Cybersecurity researchers told Reuters news agency the email is part of a new campaign by a suspected North Korean hacking group. They said the group is targeting leading experts in foreign countries to better understand Western policy on North Korea.
The emails seen by Reuters showed issues raised were China’s reaction in the event of a new nuclear test and how to deal with North Korean “aggression.”
Researchers are calling the hacking group Thallium, or Kimsuky, among other names. The group has long used tricks in emails to gain information or send malware to targets’ computers. Now, however, the group appears to simply ask experts to offer opinions or write reports.
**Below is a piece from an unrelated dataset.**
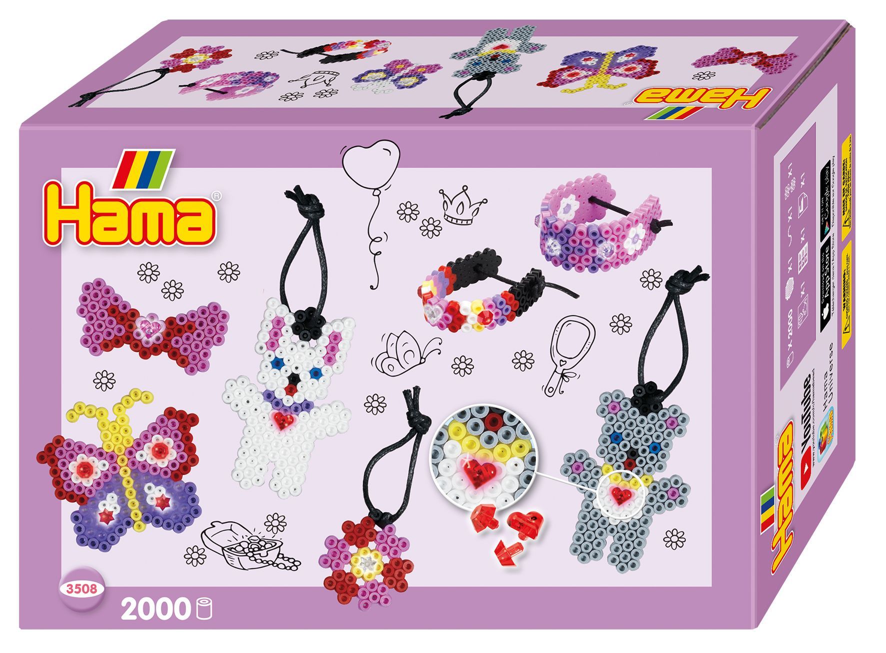 Gaveæske med et perlesæt fra Hama. Sættet indeholder 2.000 perler, 1 sekskantet perleplade, voksbehandlet bomuldssnor, 2 Hama-ædelsten samt instruktioner og strygepapir. Skab en masse flotte smykker, mønstre og figurer. Kun fantasien sætter grænser. At lege med perler udvikler kreativitet, finmotorik, mønster- og farvelære, logik og følelsen for geometri. Anbefalet alder: Fra 5 år.

James Elliott of the Microsoft Threat Intelligence Center (MSTIC) said the new method of cyberattack first appeared in January. He added that the attackers have a lot of success “with this very, very simple method.”
MSTIC said it had identified several experts on North Korea who have provided information to a Thallium attacker account. Elliott added that the attackers are “getting it directly from the expert.”
A 2020 report by U.S. government cybersecurity agencies said Thallium has been operating since 2012. And the group is most likely used by the North Korean government to gather intelligence.
Microsoft has found that Thallium has historically targeted government employees. Other targets include those that work in policy and education, and human rights.
Jenny Town of 38 North said that the attackers impersonated her email account using an address that ended in “.live” instead of her official account’s “.org”. In one email, the suspected attackers included her real email in the exchange.
DePetris said the emails he has received were written as if a researcher were asking for a paper submission or comments on a paper. He said the attackers also included organization logos to make them look real.
In one email, which DePetris shared with Reuters, the attackers offered $300 for his comment on a paper about North Korea's nuclear program and suggestions for other possible experts. Elliot noted that the hackers never paid anyone for their research or answer.
Elliott of Microsoft said the method can be quicker than hacking someone’s account and searching through their emails. He said it also goes around traditional technical security programs that would alert the message as having malware. And it permits spies direct access to the experts’ thinking.
"For us as defenders, it's really, really hard to stop these emails," he said, adding that in most cases it comes down to the recipient being able to figure it out.
I’m Gregory Stachel.
Josh Smith reported this story for Reuters. Gregory Stachel adapted it for VOA Learning English.
Words in This Story
impersonate – v. to pretend to be (another person)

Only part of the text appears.